De Facto President of the Republic of Formosa Commander-in-chief
- In office 5 June 1895 – 21 October 1895
- Preceded by: Tang Jingsong
- Succeeded by: Kabayama Sukenori (as Governor-General of Taiwan)

Personal details
- Born: 10 October 1837 Qinzhou, Guangdong (now Guangxi), Qing dynasty
- Died: 9 January 1917 (aged 79) Qinzhou, Guangdong (now Guangxi), Republic of China

Military service
- Commands: Black Flag Army Yunnan Army Formosan Local militias
- Battles/wars: Garnier Expedition Taiping Rebellion; Tonkin campaign Battle of Paper Bridge; Battle of Phủ Hoài; Battle of Palan; Sơn Tây Campaign; Capture of Hưng Hóa; ; Sino-French War Siege of Tuyên Quang; Battle of Yu Oc; Battle of Hòa Mộc; ; Japanese invasion of Taiwan (1895) Siege of Tainan; ;

= Liu Yongfu =

Late Qing Dynasty Chinese warlord; Black Flag Army commander (1837–1917)

Liu Yongfu (10 October 1837 – 9 January 1917) was a Chinese warlord, second president of the Republic of Formosa and commander of the celebrated Black Flag Army. Liu won fame as a Chinese patriot fighting against the French Empire in northern Vietnam (Tonkin) in the 1870s and early 1880s. During the Sino-French War (August 1884 – April 1885), he established a close friendship with the Chinese statesman and general Tang Jingsong, and in 1895, he helped Tang organise resistance to the Japanese invasion of Taiwan. He succeeded Tang as the second and last president of the short-lived Republic of Formosa (5 June–21 October 1895).

==Early years==
Liu Yongfu was born on 10 October 1837, in the town of Qinzhou (Ch'in-chou, 欽州) in southern China, close to the Vietnamese border. Qinzhou, now in Guangxi province, was at that time in the extreme southwest of Guangdong province. The ancestral home of Liu's family was the village of Popai in Guangxi province, and when he was eight his parents moved to Shangsizhou (Shang-ssu-chou, 上思州, modern Shangsi, Guangxi) in Guangxi. Liu's family was poor, living by manual work for others, and was only just able to scrape a living. In 1857, Liu joined a local militia force commanded by Wu Yuanqing (Wu Yuan-ch'ing, 吳元清), who claimed to hold a commission from the Taipings.

The fall of Nanking (capital of Taiping Heavenly kingdom) and the collapse of the Taiping Heavenly Kingdom in 1864 altered Liu's prospects dramatically for the worse. Imperial forces gradually began to reassert their control over southwest China, and it was only a matter of time before they secured Guangxi province. To escape their vengeance, Liu needed to make himself sufficiently powerful to give the Imperial generals pause. His first step was to buy some time by retreating into the mountains of northern Tonkin.

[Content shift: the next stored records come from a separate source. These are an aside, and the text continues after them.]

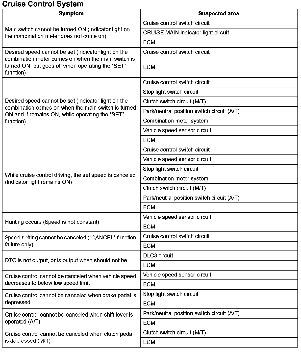 PROBLEM SYMPTOMS TABLEHINT: Use the table given to help determine the causes of the problem symptom. The potential cases of the symptoms are listed in order of probability in the "Suspected Area" column of the table. Check each symptom by checking the suspected areas in the order they are listed. Replace parts as necessary.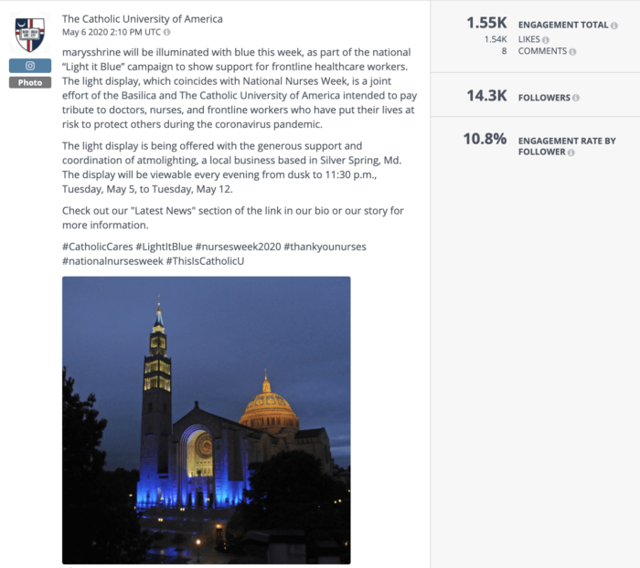Высшему образованию удалось сохранить уровень вовлеченности выше, чем в других отраслях, благодаря вдумчивым постам (а также студентам, родителям и выпускникам, жаждущим информации из своих колледжей и университетов). Этот простой пост в Instagram и действие Католического университета вдохновили их сообщество демонстрацией поддержки передовых медицинских работников и набрали 10,8% уровня вовлеченности, что более чем в 3 раза превышает текущий средний показатель высшего образования.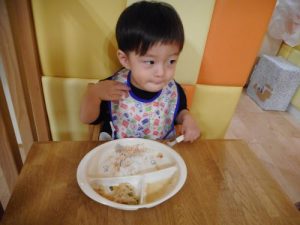 2歳さんは上手に食べられるようになったので、エプロンは卒業しました~♪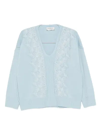 light blue floral embellishment v-neck long sleeves ribbed cuffs and hem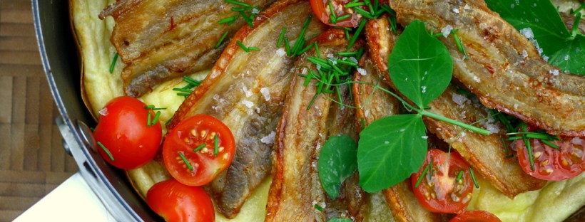 Æggekage med stegt flæsk og grønt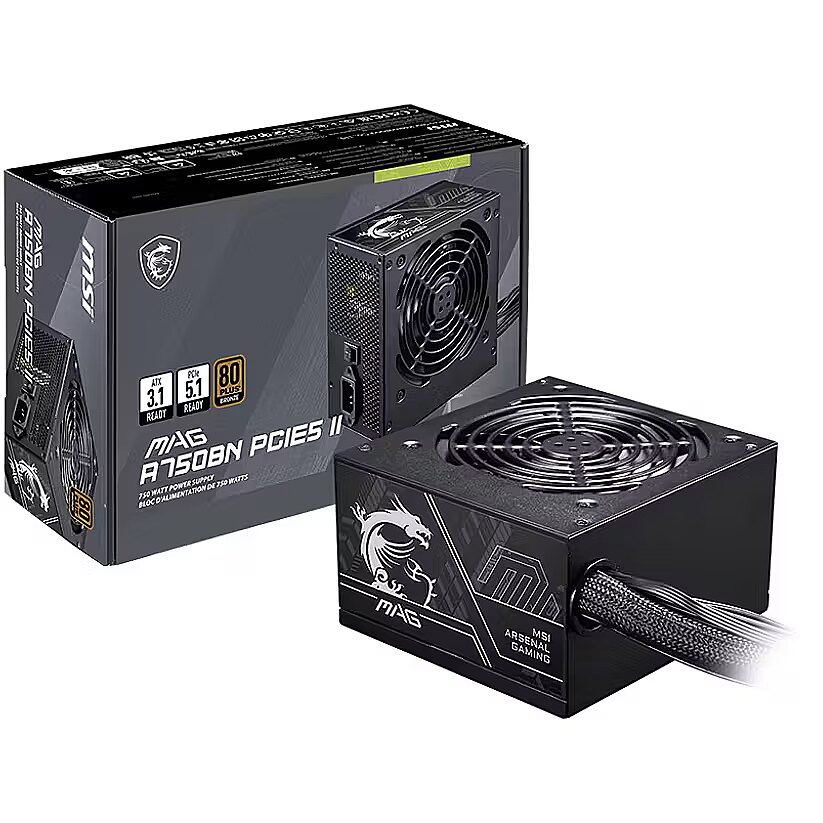 - Power supply unit (PSU): MSI MAG A750BN PCIE5 II, 750W, 80PLUS Bronze, ATX 3.1, PCIe 5.1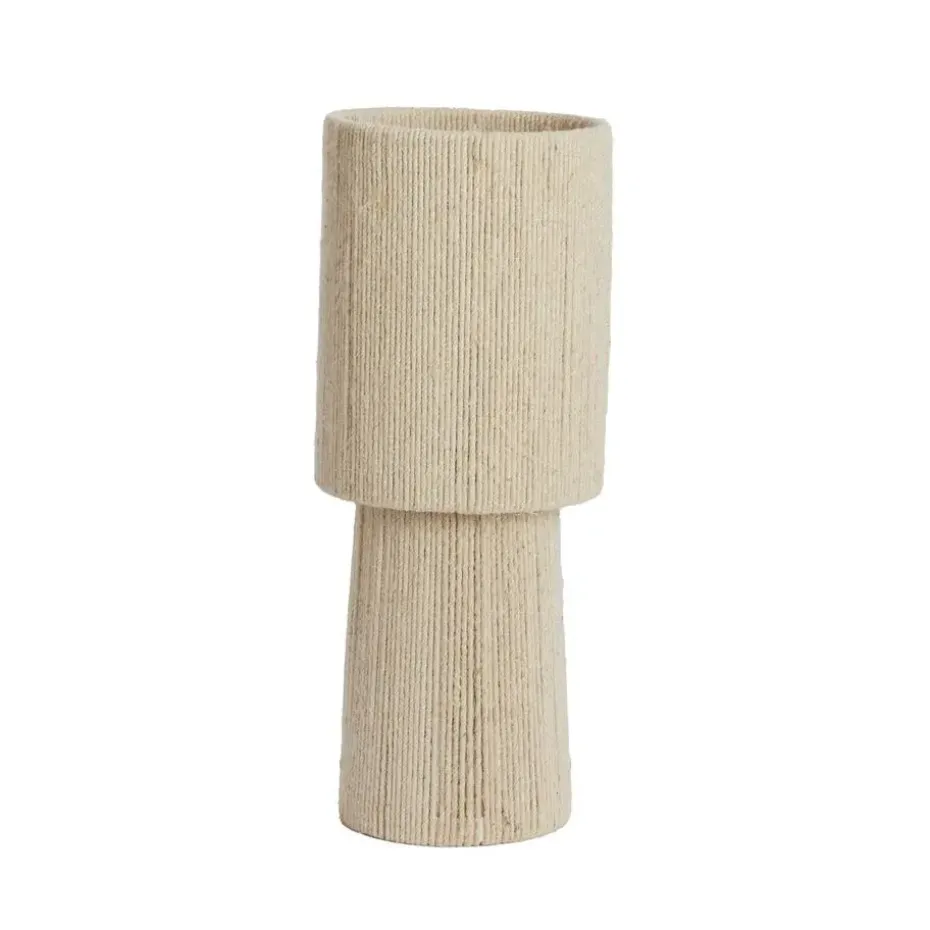Dompel uw bijzettafel onder in een boeiend samenspel van modern design en warmte met de Lavatera tafellamp. Dit unieke stuk heeft een opvallende afmeting van 21,5×21,5×54,5cm en een lampenkap gemaakt van jute touw, kunstig geweven rond een strak metalen frame. Het samenspel van materialen creëert een textuur contrast dat zowel interessant als modern is. Het rode touw voegt een vleugje warmte toe aan het algehele ontwerp en werpt een zachte en uitnodigende gloed over uw ruimte. Of u nu de voorkeur geeft aan een vleugje industriële chic of een unieke blikvanger waardeert, deze tafellamp is een stijlvolle en functionele toevoeging aan uw interieur.

In 1868 he abandoned Wu Yuanqing's rebels and crossed into Vietnam with a force of 200 soldiers whose loyalty he could trust. He had dreamed as a youth that he would one day become a famous 'General of the Black Tiger', and christened his tiny band of adventurers the Black Flag Army, Hēiqí Jūn (hei-ch'i chun, 黑旗軍). The Black Flags marched slowly through northern Tonkin, recruiting men to their standard as they went, and eventually set up camp just outside Sơn Tây, on the northern bank of the Red River.

The mountain regions of western Tonkin were inhabited by minority tribesmen who did not acknowledge the writ of the Vietnamese government, and these montagnards resented the arrival of the Black Flag Army on Vietnamese soil. Fearing that Liu might eventually pose a threat to their own ascendancy in the area, they declared their intention of attacking the intruders. Liu struck first, however, and defeated a far stronger army of montagnards in a surprise attack. The short conflict enabled Liu to come to an early arrangement with the Vietnamese authorities, who had observed the performance of the Black Flag Army with great interest. The Vietnamese government, reasoning that it would be difficult to dislodge Liu from its territory and that he might also be a useful ally against the refractory montagnards, co-opted Liu into its service in 1869 and gave him military rank in the Vietnamese army. Provided that he continued to act in accordance with his technical status as a Vietnamese military governor, the Vietnamese authorities promised not to trouble the Black Flag leader.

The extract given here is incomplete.